KABUL, Afghanistan — Abdul Jabar Farhad used to be just another illiterate old mujahideen commander living off past glories in Afghanistan's countryside. Now he is at the forefront of a controversial project that has become a litmus test for NATO's exit strategy.
His band of 150 men is part of the nationwide Local Police program, funded by the United States, that arms and pays village forces to defend rural areas from the Taliban.
The scheme is inevitably compared to the US-sponsored Awakening Councils in Iraq, where tribal groups were successfully mobilized against Al Qaeda. Here, however, few people are convinced it will work.
Amid growing accusations of violence and criminality, the feeling among many Afghans is that these militias are destined to run wild and cause the kind of chaos their predecessors unleashed when the Soviets left in 1989.
Farhad was an insurgent back then, battling the Russians in the mountains and fields near Kabul.
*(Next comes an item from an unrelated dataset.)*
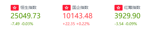 周三恒生指数开盘涨0.49%,全天震荡下跌。截至收盘,恒生指数跌7.49点或0.03%,报25049.73点,全日成交额达1272.55亿。国企指数涨0.22%,报10143.48点,红筹指数跌0.09%,报3929.9点。
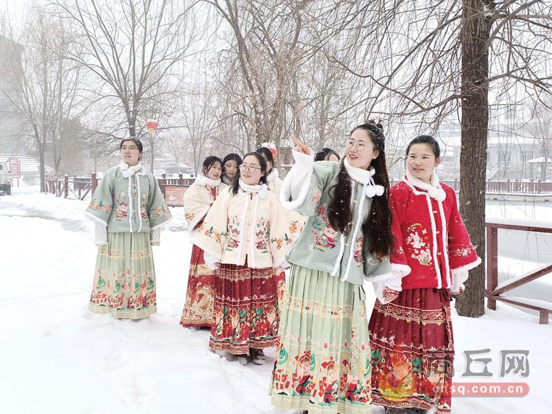 2月5日,游客身穿汉服在民权县花园乡赵洪坡民俗文化村踏雪赏景。春节前夕,该村进一步盘活民俗文化资源,组织开展了“观民俗、农耕体验、汉服体验”等一系列春节多彩民俗活动,让年味儿更浓,让游客获得感、幸福感更强。

He ran a division of fighters in the civil war that followed and later opposed the Taliban regime.
After the struggle against the American-led occupation took hold in his home district of Nijrab, Kapisa province, a construction company approached him to protect a road in the area from guerrilla attacks. He agreed and said he continues to have the support of residents.
"People encouraged us to stand against the Taliban,” he said. “Therefore we stood up, God helped us, we got this work and we kicked them out.”
Last year Farhad and his men went on to join the Local Police. According to him, they were given 15 days training at a French NATO base and are paid about $200 a month.
“The Taliban are fighting very fiercely,” he said. “They are very strong compared to the government.”
Like the Iraqi Awakening Councils, the Afghan militia program was the brainchild of David Petraeus, former head of NATO troops here and now director of the CIA.
Launched in 2010, it was a crucial aspect of his much-hyped counter-insurgency doctrine, which advocated the use of local paramilitaries as a way of winning hearts and minds.
Petraeus once described the Local Police as “an important addition to the overall campaign” that is “in essence, a community watch with AK-47s.
The ultimate goal is to have 30,000 members nationwide who will eventually be disarmed or absorbed into the conventional security forces when conditions allow.
But there are clear signs that the program has begun to take on a life of its own, adding to a deep suspicion of the militias that already existed.
Farhad himself spoke warily of a second Local Police commander in Nijrab who fought for a rival faction in the past and he predicted the outbreak of a new civil war in Afghanistan in the future.
He also told GlobalPost he was equipped only with simple Kalashnikovs, even though a politician from Kapisa claimed to have provided him with heavy machine guns and rocket-propelled grenade launchers.
Noor Mohammad Kafeel Noori, a member of Afghanistan’s senate, described supplying Farhad with the weapons and called the militias a "choice between bad and worse," saying they may prove to be thieves but they were still better than the Taliban.
In other areas of the country, meanwhile, the Local Police have been accused of abusing their power and terrorizing villagers.
Men from one unit in the northern province of Kunduz were recently detained for the apparent abduction and rape of a girl. Elsewhere, allegations of common criminality are rife.
All of this has reminded Afghans of a history they would rather forget. In the 1980s, pro-regime militias were established to quell the mujahideen’s insurgency, only for some to later switch allegiance and play a vital role in bringing down the government in Kabul.
From 1992 to 1996 the country was then split into a series of competing fiefdoms and tens of thousands of civilians were killed. Vowing to impose law and order, the Taliban movement first emerged as a direct result of the chaos.
A Human Rights Watch report published last year said the Local Police program was “a high-risk strategy to achieve short-term goals.”
President Hamid Karzai is known to have had strong concerns about the plan but relented under pressure from Petraeus and the United States. Many here believe it is a mistake he will come to regret.
Shahnawaz Tanai was defense minister in the Soviet-backed communist administration and he fears an escalation in the conflict is inevitable if the foreign troops leave as scheduled at the end of 2014.
With the government powerless, militias will join forces with warlords and politicians from the north, he predicted, and fight against the Taliban in the south for control of the nation.
“Your 10 years of effort will be for nothing,” he said.